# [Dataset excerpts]
- Opening Delimiter -

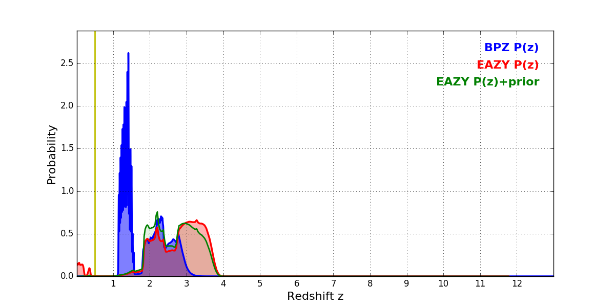In P(z) plots: Yellow lines mark the cluster redshift z = 0.505,
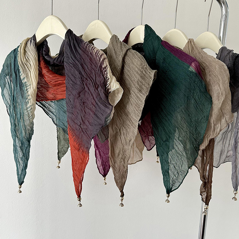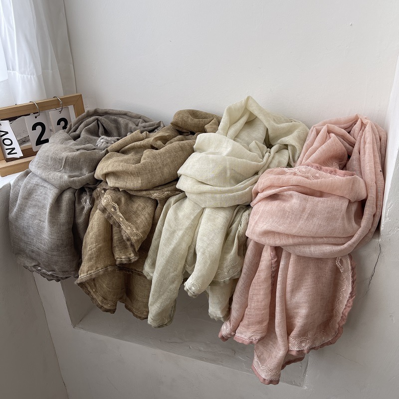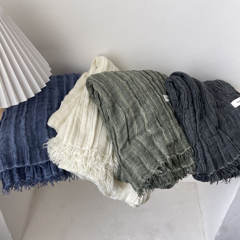 綿麻のような肌触りの無地プリーツソフトスカーフ、韓国風レトロエスニックスタイルのロングタイプ、春秋冬用暖かい単色ネックウォーマー
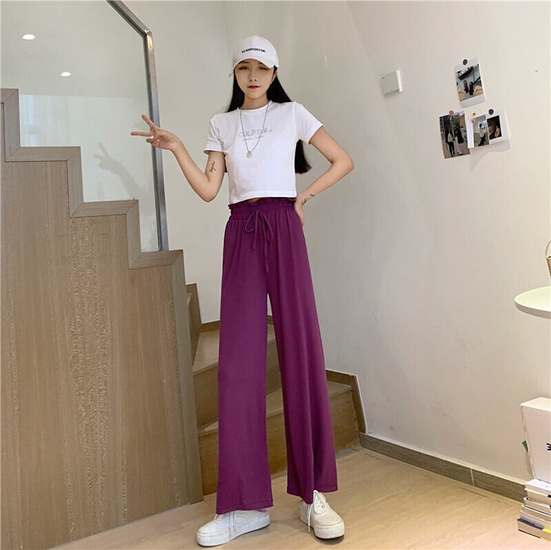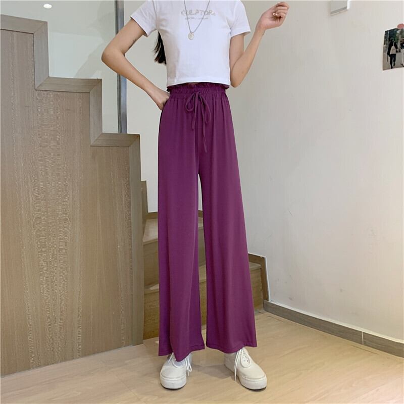 薄手サマールーズワイドレッグパンツ ハイウェストウェストカジュアル 夏物 ワイドパンツ パープル 1号婦人60945437733
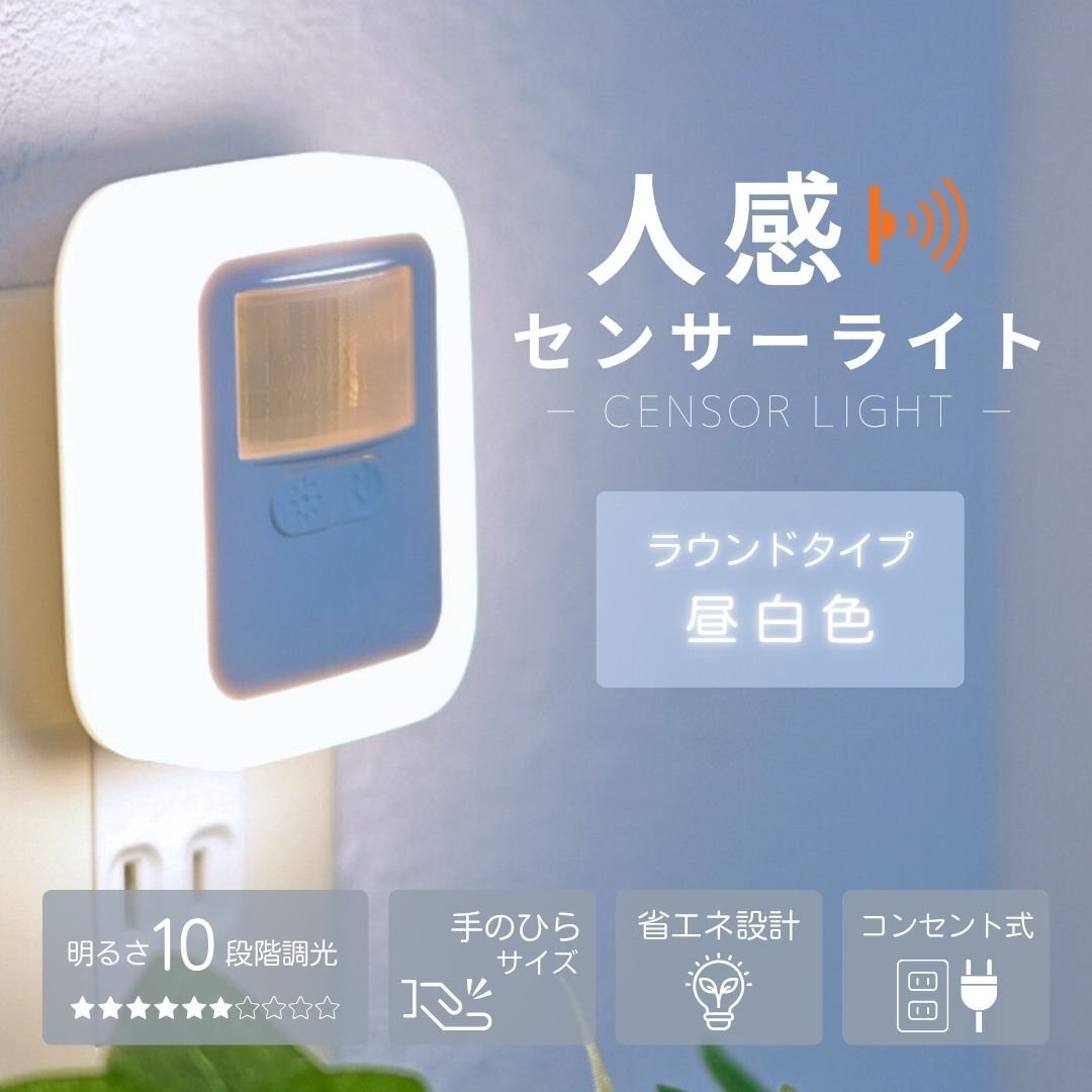- 【ラウンドタイプ/昼白色】人感センサーライト コンセント式 センサーライト 室内 フットライト 足元灯 屋内 人感センサー 調光 省エネ 防
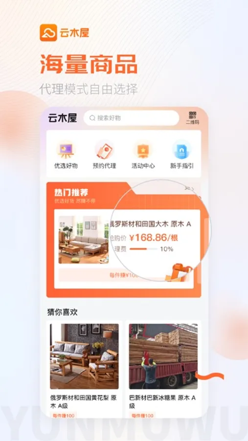 云木屋是基于解决传统木材行业供应链问题,而打造的一个优质、专业的木材代理平台。注册成为云木屋的用户,可获得优质商品的代理权。
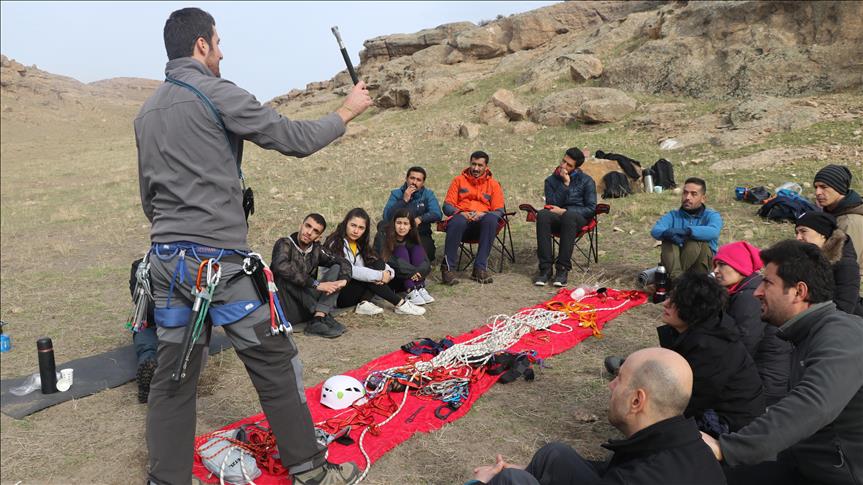 Iğdır'da bir araya gelen gönüllü doğa sporcuları, bölgede doğa sporlarını canlandırmak için bu spora merak duyanlara doğada eğitim veriyor.
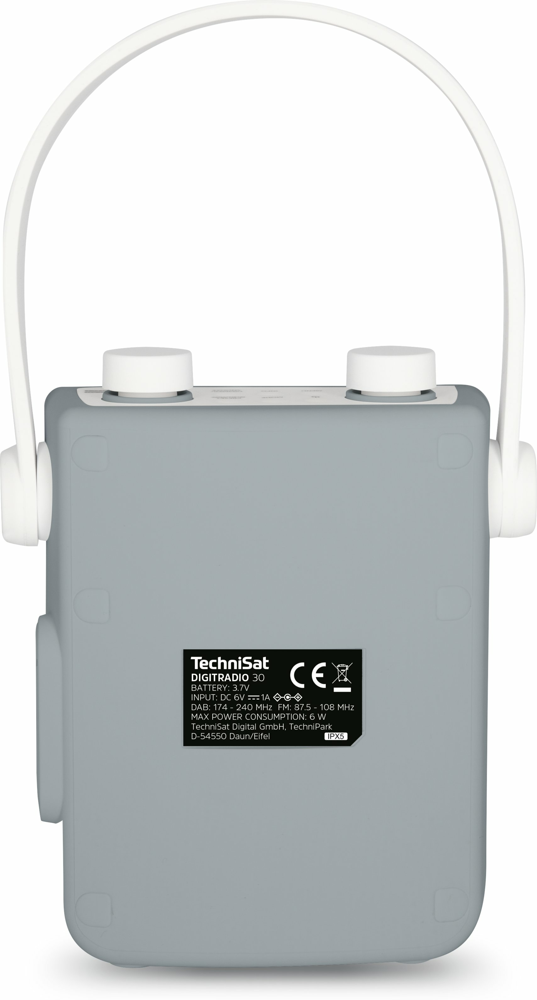 TechniSat Digitradio 30. Tipo de radio: Portátil, Tipo de sintonizador: Digital, Bandas de radio soportadas: DAB+,FM. Potencia estimada RMS: 2 W. Auriculares: 3,5mm / Bluetooth. Color del producto: Gris, Control de volumen: Giratorio, Idiomas OSD: Alemán, Inglés, Francés, Italiano. Tecnología de batería: Ión de litio, Capacidad de batería: 3000 mAh, Tipo de batería: Batería integrada

- Closing Delimiter -

# [What is required]
From the line containing "Iğdır'da bir araya" down to the last line of the records above, repeat every line exactly and nothing else, dropping any pictures.

# [Result for this task]
 Iğdır'da bir araya gelen gönüllü doğa sporcuları, bölgede doğa sporlarını canlandırmak için bu spora merak duyanlara doğada eğitim veriyor.
 TechniSat Digitradio 30. Tipo de radio: Portátil, Tipo de sintonizador: Digital, Bandas de radio soportadas: DAB+,FM. Potencia estimada RMS: 2 W. Auriculares: 3,5mm / Bluetooth. Color del producto: Gris, Control de volumen: Giratorio, Idiomas OSD: Alemán, Inglés, Francés, Italiano. Tecnología de batería: Ión de litio, Capacidad de batería: 3000 mAh, Tipo de batería: Batería integrada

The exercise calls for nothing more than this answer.